Question 12.4: The W360 × 79 rolled-steel beam AC is simply supported and c...
The W360 × 79 rolled-steel beam AC is simply supported and carries the uniformly distributed load shown. Draw the shear and bending-moment diagrams for the beam, and determine the location and magnitude of the maximum normal stress due to bending.
STRATEGY: A load is distributed over part of the beam. You can use the equations in this section in two parts: for the load and for the no-load regions. From the discussion in this section, you can expect the shear diagram will show an oblique line under the load, followed by a horizontal line. The bending-moment diagram should show a parabola under the load and an oblique line under the rest of the beam.
MODELING and ANALYSIS:
Reactions. Considering the entire beam as a free body (Fig. 1)
\pmb{\text{R}}_A=80 \text{ kN}\uparrow \quad \quad \quad \pmb{\text{R}}_C=40 \text{ kN}\uparrow
Shear Diagram. The shear just to the right of A is V_A = +80 \text{ kN}.
Since the change in shear between two points is equal to minus the area under the load curve between the same two points, V_B is
\begin{matrix} V_B-V_A&=&-(20 \text{ kN/m})(6 \text{ m})=-120 \text{ kN} \\ V_B&=&-120+V_A=-120+80=-40 \text{ kN} \end{matrix}
The slope dV/dx = –w is constant between A and B, and the shear diagram between these two points is represented by a straight line. Between B and C, the area under the load curve is zero; therefore,
V_C-V_B=0 \quad \quad V_C=V_B=-40 \text{ kN}
and the shear is constant between B and C.

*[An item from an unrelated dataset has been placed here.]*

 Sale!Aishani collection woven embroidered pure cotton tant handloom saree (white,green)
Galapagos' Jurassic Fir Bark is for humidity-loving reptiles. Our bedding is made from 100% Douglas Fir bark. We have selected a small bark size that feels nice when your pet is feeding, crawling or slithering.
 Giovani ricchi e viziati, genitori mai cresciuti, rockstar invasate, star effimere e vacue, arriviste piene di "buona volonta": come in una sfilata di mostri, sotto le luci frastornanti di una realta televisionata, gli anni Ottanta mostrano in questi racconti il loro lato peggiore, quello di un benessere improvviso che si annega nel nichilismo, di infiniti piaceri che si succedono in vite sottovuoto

Bending-Moment Diagram. Note that the bending moment at each end is zero. In order to determine the maximum bending moment, locate the section D of the beam where V = 0.

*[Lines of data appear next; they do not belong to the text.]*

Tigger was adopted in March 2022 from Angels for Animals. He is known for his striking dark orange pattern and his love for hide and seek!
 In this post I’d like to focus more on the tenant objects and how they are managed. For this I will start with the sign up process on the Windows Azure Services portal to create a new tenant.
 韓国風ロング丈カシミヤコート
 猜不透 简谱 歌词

V_D-V_A=-\omega x \\ 0-80 \text{ kN}=-(20 \text{ kN/m})x
Solving for x, x = 4 m
The maximum bending moment occurs at point D, where dM/dx = V = 0.

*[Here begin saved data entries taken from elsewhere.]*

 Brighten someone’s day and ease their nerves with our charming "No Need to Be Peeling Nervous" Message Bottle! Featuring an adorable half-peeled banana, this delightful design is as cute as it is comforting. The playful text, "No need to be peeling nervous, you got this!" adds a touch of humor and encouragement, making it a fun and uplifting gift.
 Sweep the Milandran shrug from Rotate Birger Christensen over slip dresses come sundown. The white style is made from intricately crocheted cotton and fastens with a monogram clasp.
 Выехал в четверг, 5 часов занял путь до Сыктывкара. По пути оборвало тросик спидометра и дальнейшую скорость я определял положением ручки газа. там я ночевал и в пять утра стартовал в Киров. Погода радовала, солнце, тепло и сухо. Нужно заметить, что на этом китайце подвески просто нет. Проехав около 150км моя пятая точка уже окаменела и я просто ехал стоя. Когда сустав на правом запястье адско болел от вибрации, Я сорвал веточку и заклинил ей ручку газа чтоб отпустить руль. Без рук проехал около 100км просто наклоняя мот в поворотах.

The areas of various portions of the shear diagram are computed and given (in parentheses). The area of the shear diagram between two points is equal to the change in bending moment between the same two points, giving
M_D-M_A=+160 \text{ N}\cdot \text{m} \quad \quad \quad M_D=+160 \text{ N}\cdot \text{m}\\ M_B-M_D=-40\text{ N}\cdot \text{m} \quad \quad \quad M_B=+120 \text{ N}\cdot \text{m} \\ M_C-M_B=-120\text{ N}\cdot \text{m}\quad \quad \quad M_C=0
The bending-moment diagram consists of an arc of parabola followed by a segment of straight line. The slope of the parabola at A is equal to the value of V at that point.
Maximum Normal Stress. This occurs at D, where |M| is largest.
From Appendix B, for a W360 × 79 rolled-steel shape, S = 1270 mm³ about a horizontal axis. Substituting this and |M| = |M_D| = 160 × 10³ N·m into Eq. (12.3),
\sigma_m=\frac{|M_D|}{S}=\frac{160 \times 10^3 \text{ N}\cdot \text{m}}{1270 \times 10^{-6} \text{ m}^3} =126.0 \times 10^6 \text{ Pa}
Maximum normal stress in the beam = 126.0 MPa